**Dataset excerpts:**

--- START ---

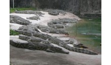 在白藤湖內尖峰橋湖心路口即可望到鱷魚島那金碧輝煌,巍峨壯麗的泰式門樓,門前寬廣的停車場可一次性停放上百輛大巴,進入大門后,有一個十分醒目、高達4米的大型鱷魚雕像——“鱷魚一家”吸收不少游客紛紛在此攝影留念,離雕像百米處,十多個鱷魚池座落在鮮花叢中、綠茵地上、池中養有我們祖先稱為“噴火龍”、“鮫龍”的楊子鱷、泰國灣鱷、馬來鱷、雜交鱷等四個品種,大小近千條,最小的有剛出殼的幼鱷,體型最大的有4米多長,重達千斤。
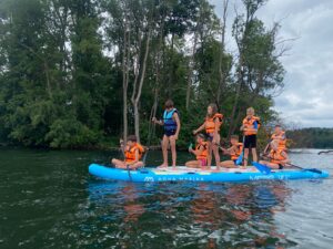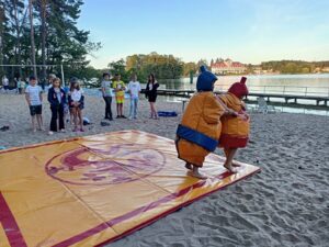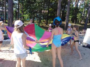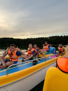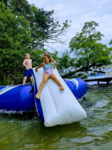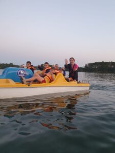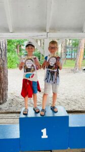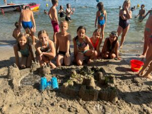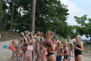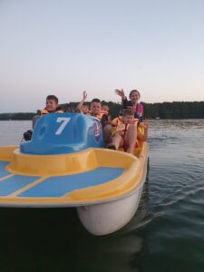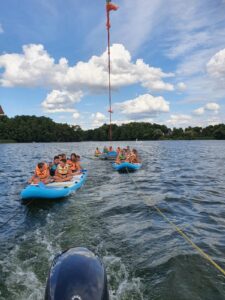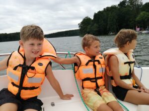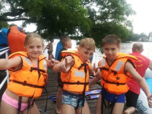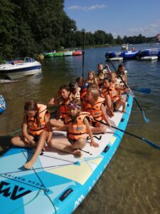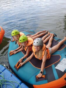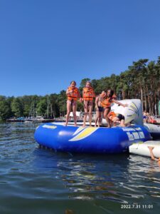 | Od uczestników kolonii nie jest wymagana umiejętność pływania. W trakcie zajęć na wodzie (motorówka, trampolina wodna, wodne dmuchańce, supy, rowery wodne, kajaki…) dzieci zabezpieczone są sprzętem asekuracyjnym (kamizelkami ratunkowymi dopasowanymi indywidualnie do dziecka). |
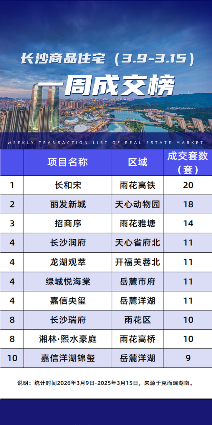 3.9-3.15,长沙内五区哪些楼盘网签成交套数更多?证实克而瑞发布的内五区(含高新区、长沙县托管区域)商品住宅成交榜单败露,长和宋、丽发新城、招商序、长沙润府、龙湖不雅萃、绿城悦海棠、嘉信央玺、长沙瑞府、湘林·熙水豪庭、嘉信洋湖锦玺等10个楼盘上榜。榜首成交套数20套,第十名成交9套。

--- END ---
--- START ---

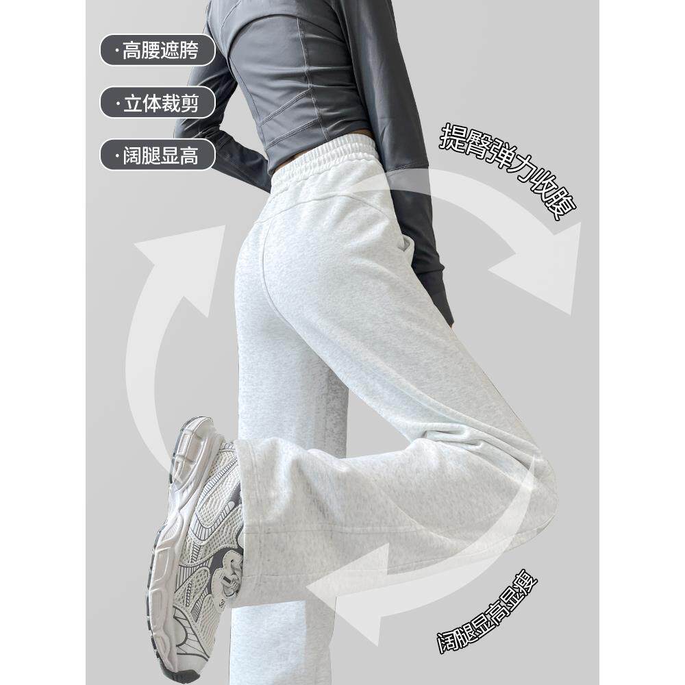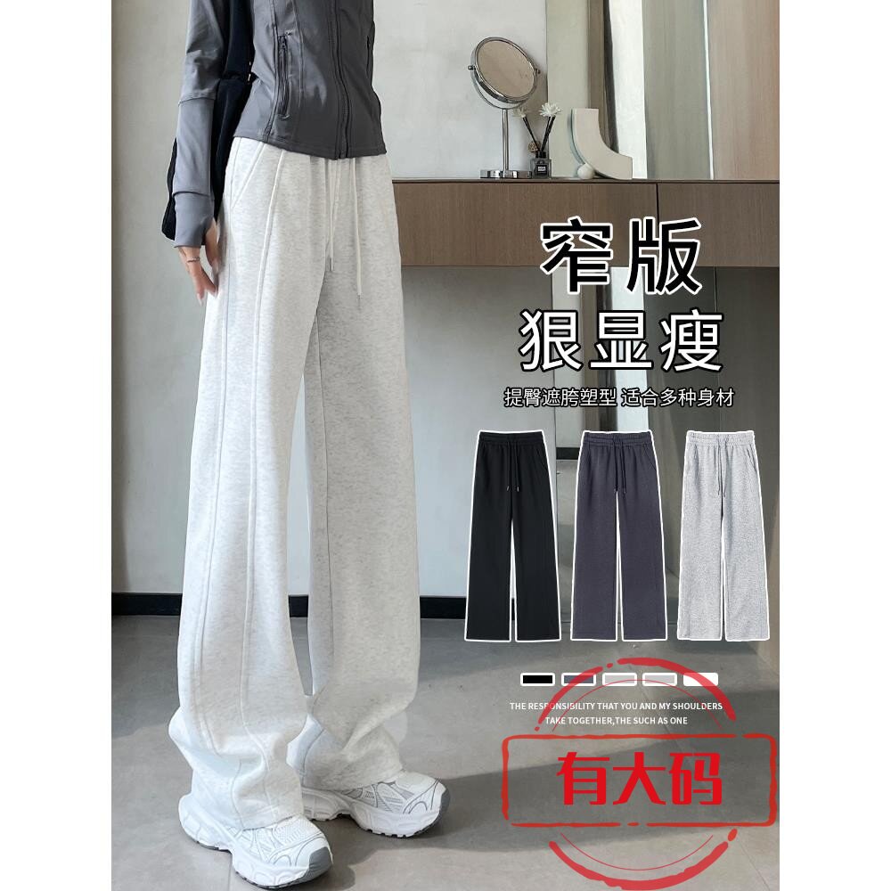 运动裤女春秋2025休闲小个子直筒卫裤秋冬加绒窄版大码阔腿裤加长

--- END ---

**Task brief:** Quote the data above exactly from the line with "在白藤湖內尖峰橋湖心路口即可" to the line with "3.9-3.15,长沙内五区", both ends counted, and nothing else. Pictures don't go in.

**Exercise output:**
 在白藤湖內尖峰橋湖心路口即可望到鱷魚島那金碧輝煌,巍峨壯麗的泰式門樓,門前寬廣的停車場可一次性停放上百輛大巴,進入大門后,有一個十分醒目、高達4米的大型鱷魚雕像——“鱷魚一家”吸收不少游客紛紛在此攝影留念,離雕像百米處,十多個鱷魚池座落在鮮花叢中、綠茵地上、池中養有我們祖先稱為“噴火龍”、“鮫龍”的楊子鱷、泰國灣鱷、馬來鱷、雜交鱷等四個品種,大小近千條,最小的有剛出殼的幼鱷,體型最大的有4米多長,重達千斤。
 | Od uczestników kolonii nie jest wymagana umiejętność pływania. W trakcie zajęć na wodzie (motorówka, trampolina wodna, wodne dmuchańce, supy, rowery wodne, kajaki…) dzieci zabezpieczone są sprzętem asekuracyjnym (kamizelkami ratunkowymi dopasowanymi indywidualnie do dziecka). |
 3.9-3.15,长沙内五区哪些楼盘网签成交套数更多?证实克而瑞发布的内五区(含高新区、长沙县托管区域)商品住宅成交榜单败露,长和宋、丽发新城、招商序、长沙润府、龙湖不雅萃、绿城悦海棠、嘉信央玺、长沙瑞府、湘林·熙水豪庭、嘉信洋湖锦玺等10个楼盘上榜。榜首成交套数20套,第十名成交9套。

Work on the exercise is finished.